Yeah, he lied about getting a blow-job. What a dirtbag.


----------



## maniclion (Sep 25, 2010)

TheGreatSatan said:


> Just because Clinton was popular doesn't mean he was a good president. He was getting blow jobs in the oval office and then lied to congress. What a fuckin' dirtbag.


You get a blowjob you think you're King Shit, Clinton gets one and he is a dirt bag......hypocrite!


----------



## bmw (Sep 26, 2010)

bros, they're politicians...

none of them are worth a shit anyway.  They all set up their elite system to serve them and theirs and that's it.  None of them give two shits about any of you, and you're a fool if you think otherwise.


----------



## vortrit (Sep 26, 2010)

maniclion said:


> You get a blowjob you think you're King Shit, Clinton gets one and he is a dirt bag......hypocrite!

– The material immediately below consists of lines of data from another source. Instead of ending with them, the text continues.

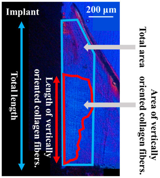 The orientation of the peri-implant soft tissue relative to the collagen fiber bundles was observed under a polarized light microscope (ECLIPSE LV100N POL, Nikon, Tokyo, Japan) to determine the soft tissue response toward the ZrO2/Ti and SLA/Ti implants. Histomorphometric evaluations were performed using the WinROOF image analysis system, based on a previous study [8]. The ROI was defined as shown in Figure 4. Measurements were taken only in the soft tissue area. Figure 5 shows a schematic drawing of the measurement of the total length or area of the vertically oriented collagen fibers around the implant. The total length or area of the length or area of soft tissue attachment toward the ZrO2/Ti and SLA/Ti implant surfaces was calculated. The length or area of the attachment site where the collagen fibers were oriented perpendicularly toward ZrO2/Ti and SLA/Ti was calculated. Vertical attachment ratio was calculated as the ratio of the vertical length or area to the total length or area. This value is denoted as the length or area as a measure of soft tissue integration.
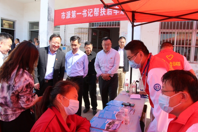 5月8日,枣庄市胸科医院(枣庄市肿瘤医院)党委书记龙奇,纪委书记张士科,党政办主任吕洪涛一行到枣庄市胸科医院(枣庄市肿瘤医院)派驻“第一书记”帮扶村——南沙河镇后辛章村调研并开展党员志愿者义诊活动。南沙河镇党委副书记、镇长李源,党委副书记生加君,党委委员、武装部长、宣传委员陈涛以及有关部门同志参加活动。
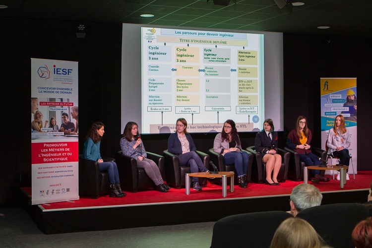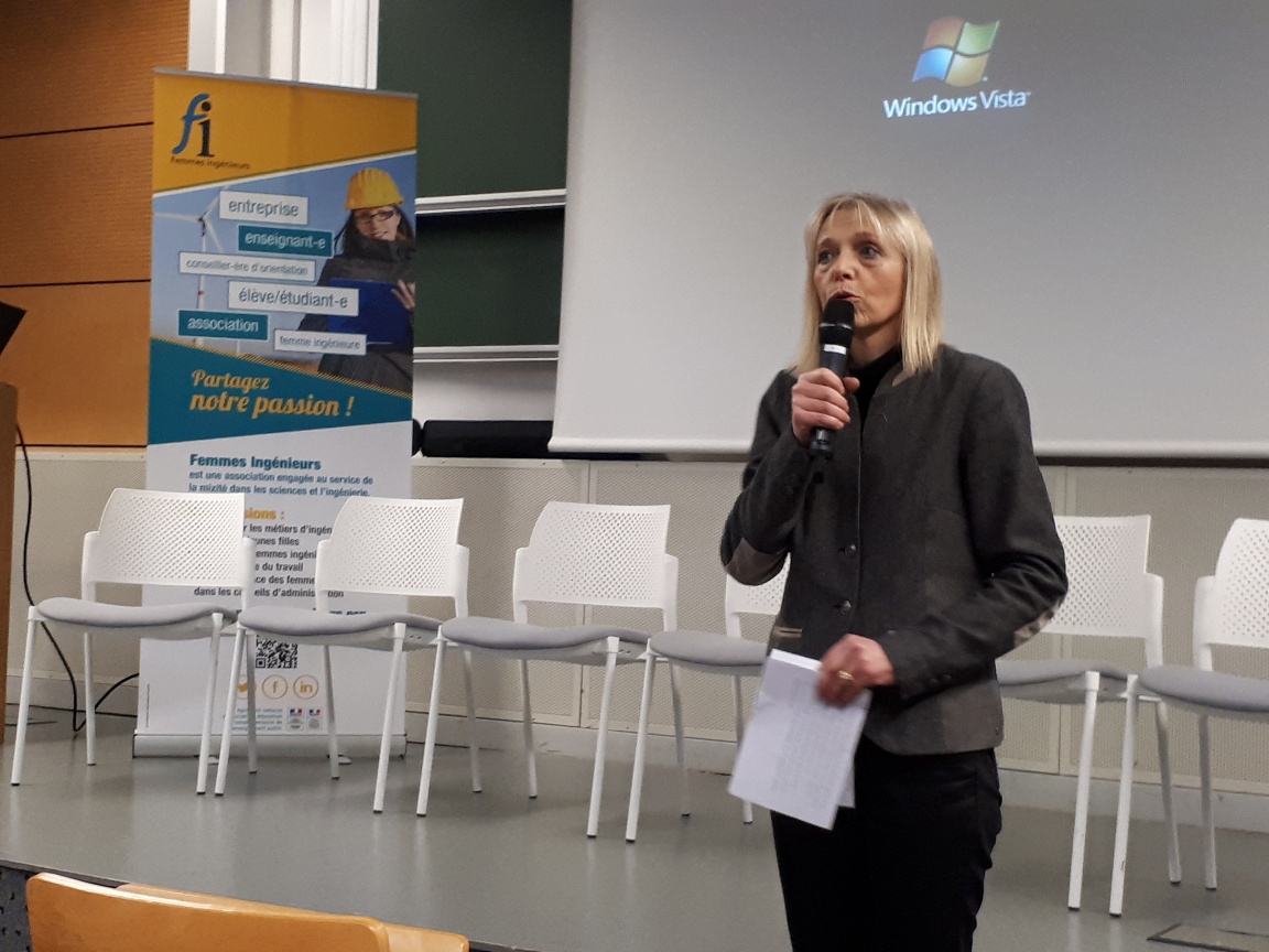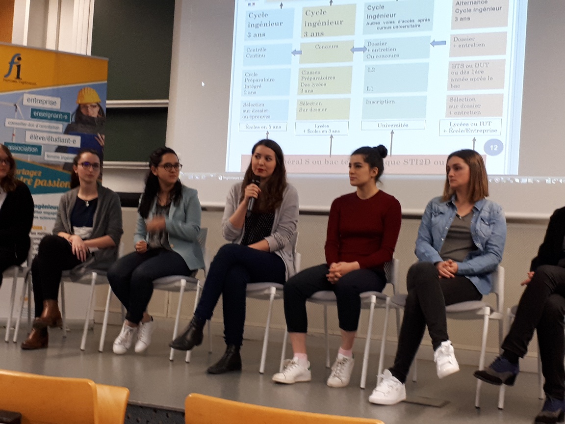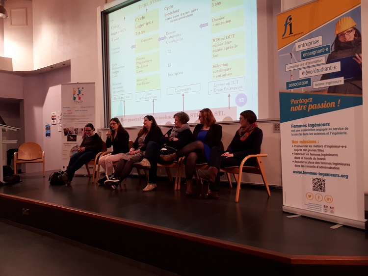 Ensuite Isabelle Hennebique ou Juliette Maillard-Sobieski, Déléguées régionales de Femmes Ingénieures ont animé la table ronde des ingénieures en activité dans différents secteurs industriels (énergie, ferroviaire, défense, automobile, agro-alimentaire, recherche ,environnement, informatique.... ) ou dans le secteur tertiaire ( aide aux entreprises) qui ont pu partager avec les jeunes filles présentes

Maybe he don't like blowjobs.


----------



## TooOld (Sep 26, 2010)

bmw said:


> bros, they're politicians...
> 
> none of them are worth a shit anyway.  They all set up their elite system to serve them and theirs and that's it.  None of them give two shits about any of you, and you're a fool if you think otherwise.



Yup.

Why didn't Obama just give the rubber stamp response "it's all Bushes fault"? It least he's progressing from a crybaby to a bullshit artist.


----------



## maniclion (Sep 27, 2010)

vortrit said:


> Maybe he don't like blowjobs.


Any man who don't like a blowjob must enjoy giving them instead.....you can quote me on that...


----------



## TooOld (Sep 28, 2010)

KelJu said:


> I would much rather he had brains. The policies of Regan began the process which has led to the largest division of wealth between the middle class and the rich since the the 20s. He was popular because he was an actor pretending to be a cowboy, and dumb fuck Americans ate it up.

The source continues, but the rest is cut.